» **TASK OBJECTIVE**: Please retype the listing below word for word and exclude its images.

» **AVAILABLE DATA**:
=====

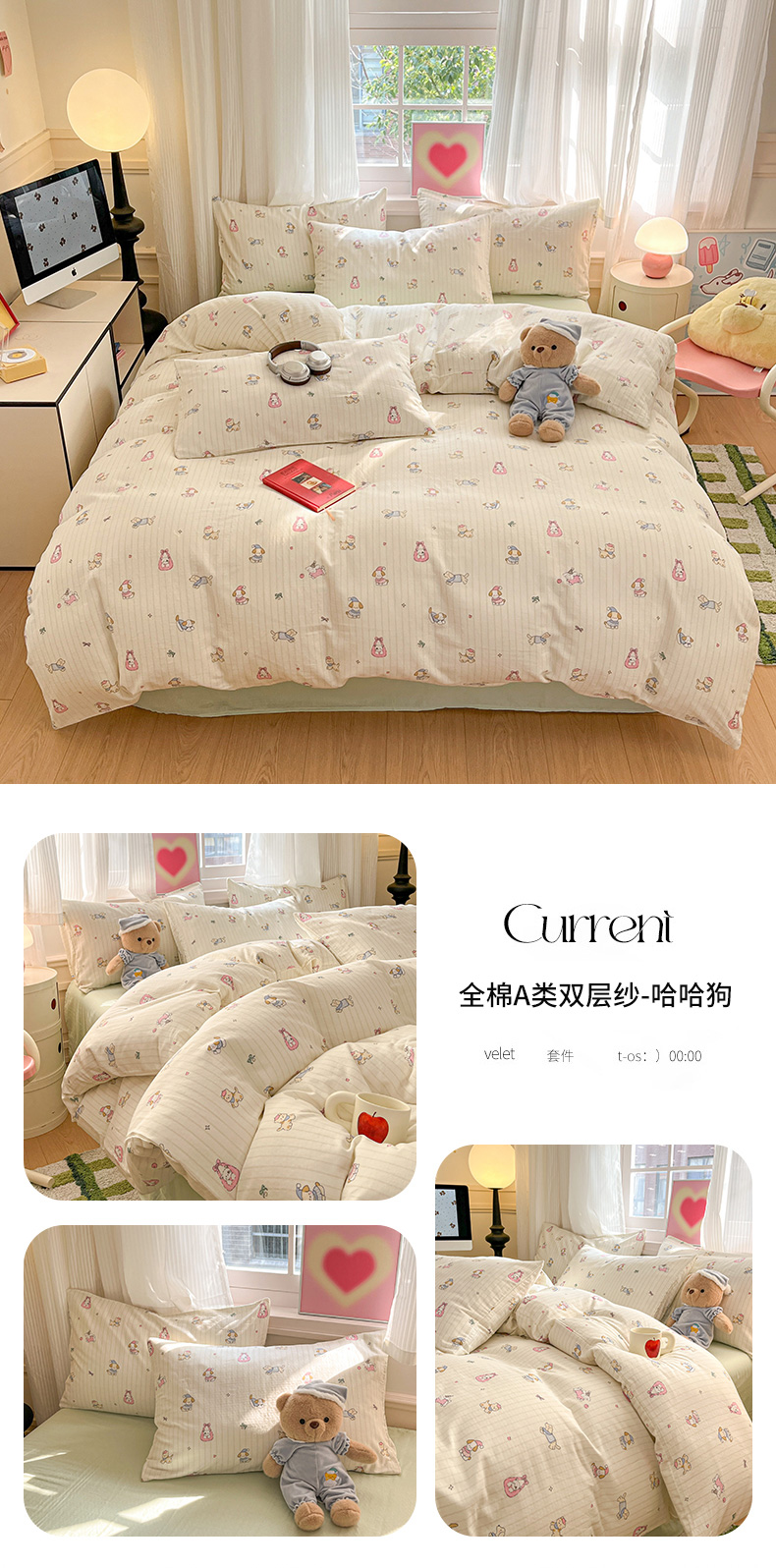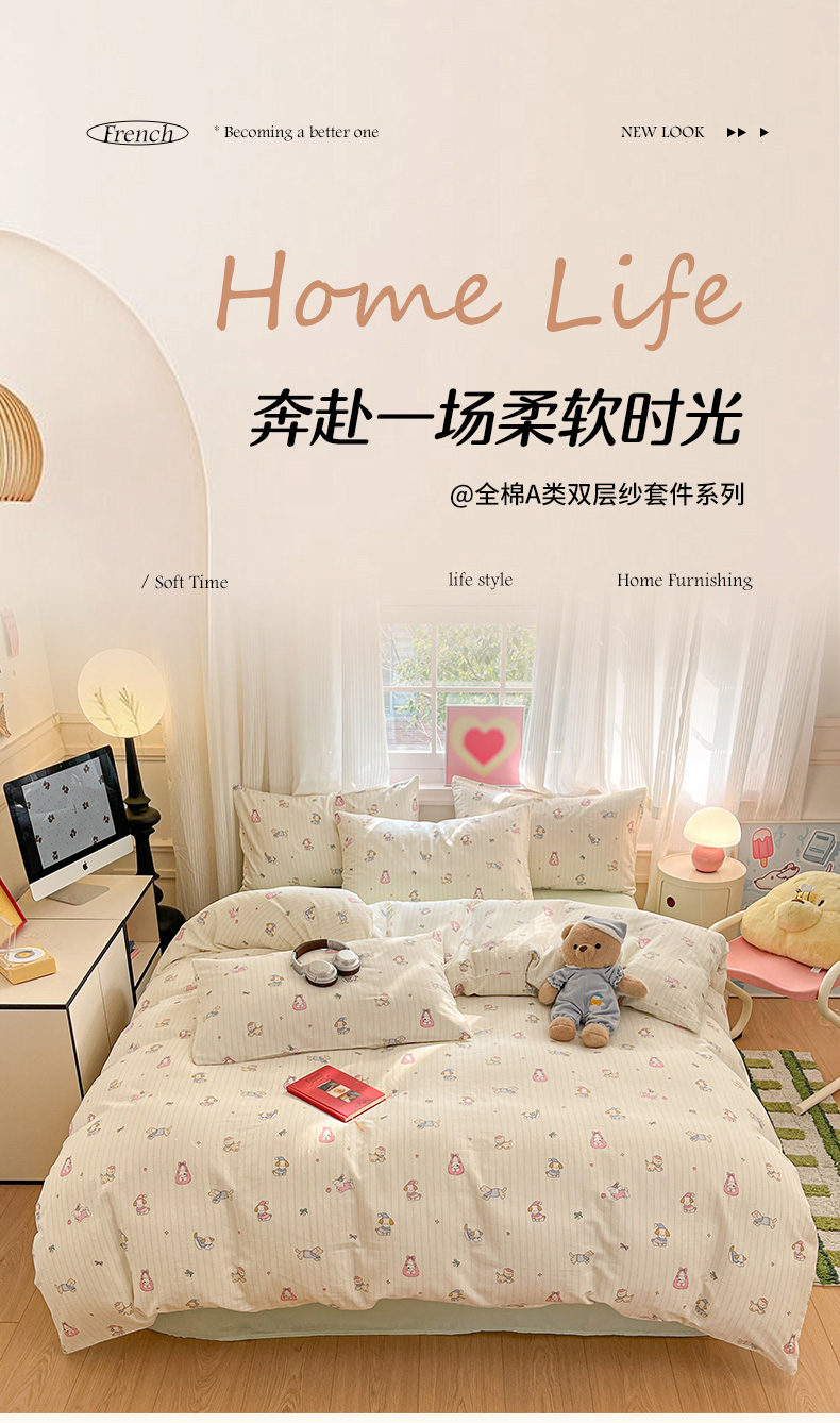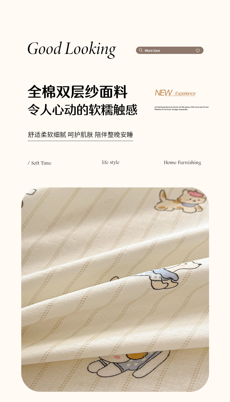 当前位置: 91家纺网 > 商品网购 > 床品套件 > 四件套 > 博雅 2025新款全棉A类双层纱四件套 哈哈狗
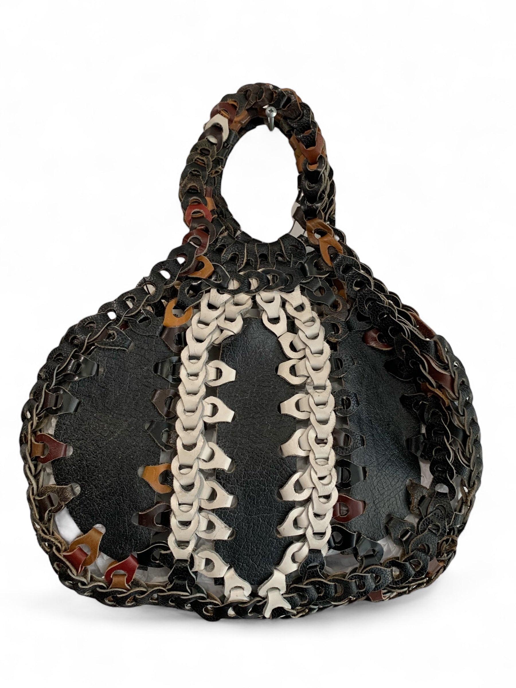 Vintage Chain link leather bag hobo purse 16" wide 12" tall bag, 6" handle
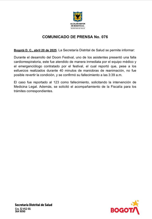 Por medio de un comunicado, la Secretaría de Salud de Bogotá confirmó las causas de la muerte de uno de los asistentes en el Doom Festival que se desarrolló en la capital del país.
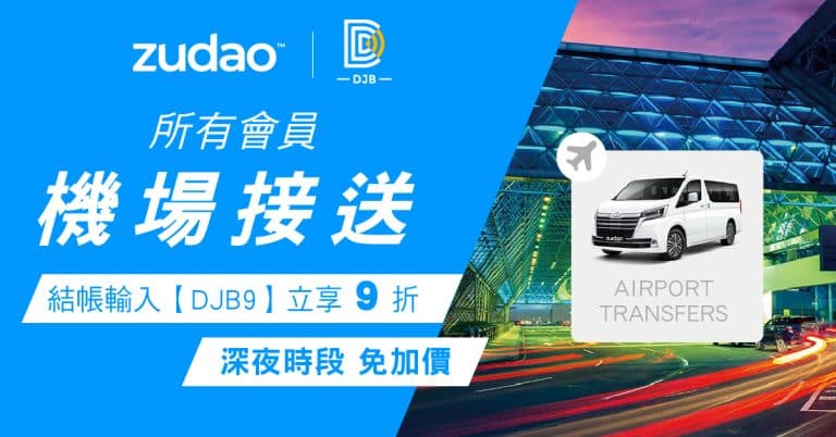出國旅遊享Zudao機場接送 9 折優惠!深夜時段 免加價!

=====

» **EXERCISE SOLUTION**:
 当前位置: 91家纺网 > 商品网购 > 床品套件 > 四件套 > 博雅 2025新款全棉A类双层纱四件套 哈哈狗
 Vintage Chain link leather bag hobo purse 16" wide 12" tall bag, 6" handle
 Por medio de un comunicado, la Secretaría de Salud de Bogotá confirmó las causas de la muerte de uno de los asistentes en el Doom Festival que se desarrolló en la capital del país.
出國旅遊享Zudao機場接送 9 折優惠!深夜時段 免加價!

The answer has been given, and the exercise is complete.